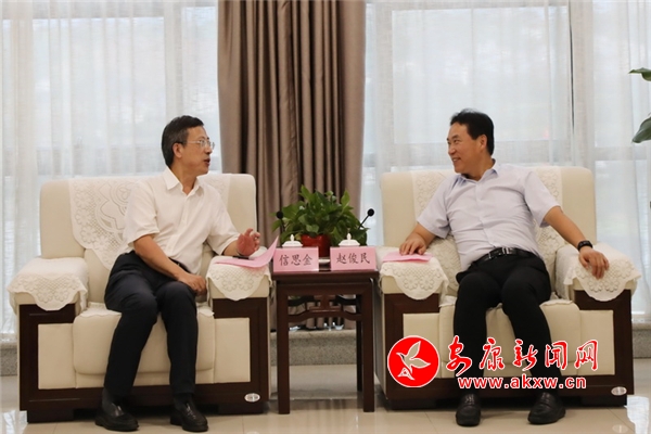 本网讯(记者 艾蓓)8月14日下午,市长赵俊民会见武汉理工大学党委书记信思金一行,双方围绕深化校地合作、助力脱贫攻坚等事宜座谈交流。武汉理工大学党委副书记王乾坤,市政府秘书长陈伍文,市级有关部门和石泉县有关负责同志、武汉理工大学驻安挂职扶贫干部参加会见。
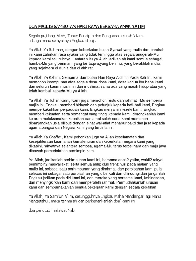 Perayaan tersebut juga dikenali sebagai hari raya puasa, hari raya fitrah atau hari lebaran. Berikut kami kongsikan bacaan doa sempena majlis sambutan aidilfiri di sekolah. Doa majlis sambutan hari raya aidil fitri. Teks pengacara majlis sambutan hari raya sekolah 2017full description. Semoga ianya memberi manfaat kepada semua.
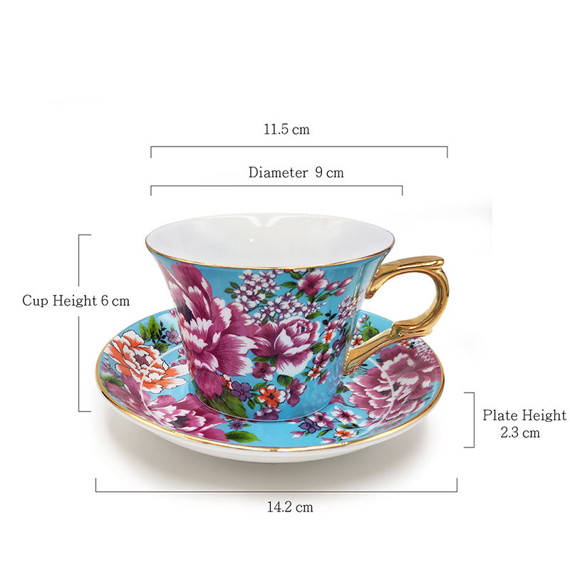 Luxury Porcelain Coffee Cup with Gold Handle Water Transfer Printed Six-color Floral Tea Cup Saucer Business Gift Set Taiwan
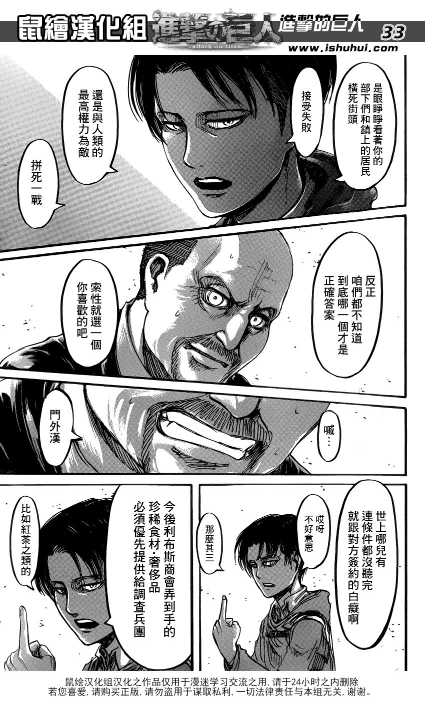 还有像是【今后商会弄到手的珍稀食材,奢侈品,优先供给调查兵团,比如红茶之类的……】的兵长式冷幽默,动画版统统省略,实在可惜。
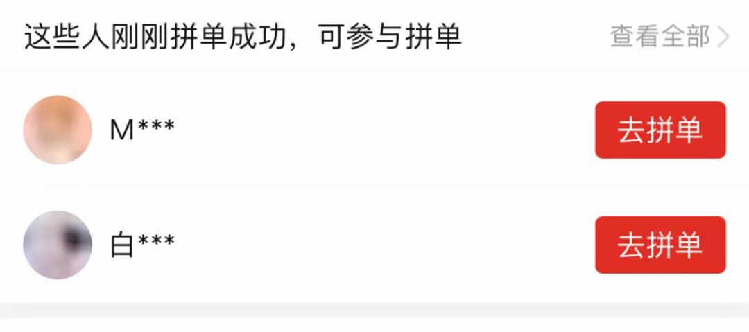 他們的頭像被拼多多細心地打上了馬賽克,這是其他拼單產品無法擁有的待遇。

*****

> **Assigned task**: Your copy should hold exactly the lines from the line containing "还有像是【今后商会弄到手的珍" through the last line of the listing above, both included, and no pictures.

> **Exercise result**:
 还有像是【今后商会弄到手的珍稀食材,奢侈品,优先供给调查兵团,比如红茶之类的……】的兵长式冷幽默,动画版统统省略,实在可惜。
 他們的頭像被拼多多細心地打上了馬賽克,這是其他拼單產品無法擁有的待遇。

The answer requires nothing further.